The breakpoints are extended to an interval spanning 2*smear+1 bins. The centromere areas are also filtered out. This results in the smear_table.

The function findpins implement the procedure to find a minimum set of "piercing points" for the extended intervals as the new feature set and derive the incidence table. The piercing points are a smallest set of points such that each interval contains at least one of them. pins and pinmat provide the bin location of new feature set and the incidence table. We extract cell_names for stages later.

smear_table <- findsmears(breakpoint_table, smear = 1, keepboundaries = FALSE, mask_XY = TRUE)

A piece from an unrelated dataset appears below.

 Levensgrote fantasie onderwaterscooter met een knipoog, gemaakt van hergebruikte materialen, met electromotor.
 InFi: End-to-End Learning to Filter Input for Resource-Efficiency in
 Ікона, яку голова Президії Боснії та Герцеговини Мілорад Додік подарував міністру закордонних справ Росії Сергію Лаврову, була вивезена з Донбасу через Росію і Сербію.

res2 <- findpins(breakpoint_table, smear_table)
pins <- res2$pins
pinmat <- res2$pinmat
cell_names <- res2$cell_names

(9) Perform Fisher's tests on incidence table

We perform Fisher's tests for pairwise dissimilarity on both observed incidence table and permutated incidence tables. This procedure simFisher_parallel generates two vectors of p-values true_fisherPV and sim_fisherPV for observed and permutated data respectively.

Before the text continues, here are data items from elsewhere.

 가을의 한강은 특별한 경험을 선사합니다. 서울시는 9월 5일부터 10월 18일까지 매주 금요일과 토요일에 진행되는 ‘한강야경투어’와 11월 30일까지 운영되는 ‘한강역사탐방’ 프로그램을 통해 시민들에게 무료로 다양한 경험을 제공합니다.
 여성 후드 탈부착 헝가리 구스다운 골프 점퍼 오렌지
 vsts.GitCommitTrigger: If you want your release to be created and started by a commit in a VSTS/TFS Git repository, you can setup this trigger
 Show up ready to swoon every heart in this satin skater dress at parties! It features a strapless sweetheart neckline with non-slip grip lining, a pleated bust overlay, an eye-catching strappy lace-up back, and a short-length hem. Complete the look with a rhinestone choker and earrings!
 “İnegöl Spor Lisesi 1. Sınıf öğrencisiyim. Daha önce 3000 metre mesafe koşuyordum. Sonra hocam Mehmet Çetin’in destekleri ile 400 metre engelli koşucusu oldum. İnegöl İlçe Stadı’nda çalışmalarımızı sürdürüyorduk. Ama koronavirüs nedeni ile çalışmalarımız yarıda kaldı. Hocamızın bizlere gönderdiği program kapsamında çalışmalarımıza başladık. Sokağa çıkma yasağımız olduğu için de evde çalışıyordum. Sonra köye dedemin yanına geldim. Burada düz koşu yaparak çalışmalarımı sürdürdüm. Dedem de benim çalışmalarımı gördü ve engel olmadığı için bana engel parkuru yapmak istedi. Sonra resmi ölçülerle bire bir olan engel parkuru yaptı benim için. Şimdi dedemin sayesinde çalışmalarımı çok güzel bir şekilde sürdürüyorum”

res3 <- simFisher_parallel(pins, pinmat, sim_round = 500)
true_fisherPV <- res3$true_fisherPV
sim_fisherPV <- res3$sim_fisherPV

(10) Significance assessment of pairwise dissimilarity

Compute the FDRs mat_fdr for the observed Fisher's test p-values. Also output the dissimilarity matrix mat_dist based on pairwise Fisher's test p-values.

res4 <- fdr_fisherPV(true_fisherPV, sim_fisherPV, cell_names, lm_max = 0.001, graphic = TRUE)
mat_fdr <- res4$mat_fdr
mat_dist <- res4$mat_dist

(11) Identify the clone in the hierarchical clustering tree

This procedure identify the hard and soft clones and display the hierarchical tree. The clones node information can be output from hc_clone$softclones.

hc <- hclust_tree(pinmat, mat_fdr, mat_dist, hc_method = "average")
hc_clone <- find_clone(hc, fdr_thresh = -2, share_min = 0.85, n_share = 3, bymax = TRUE, 
                       climb_from_size = 2, climb_to_share = 3, graphic = TRUE)

(12) Identify the subclones.

sub_hc_clone <- find_subclone(hc_clone, pinmat, pins, min_node_size = 6, sim_round = 500, 
lm_max = 0.001, hc_method = "average",base_share = 3, fdr_thresh = -2, share_min = 0.90, 
bymax = TRUE, climb_from_size = 2, climb_to_share = 3, graphic = TRUE)

(13) Generate the output files for visualization using Viewer.

Create an output directory /filepath/viewerInput for the output files. The directory will also be the input directory for the viewer.

output_viewer(output_file_dir = "/filepath/viewerInput", seg.quantal, ratio.quantal, pins, 
pinmat, mat_dist, hc_clone, sub_hc_clone, subcloneTooBig = 0.8, smear = 1, study="GL9.2")

More Information

Details for arguments and functions can be found by typing e.g. help(package="SCclust"), ?fdr_fisherPV.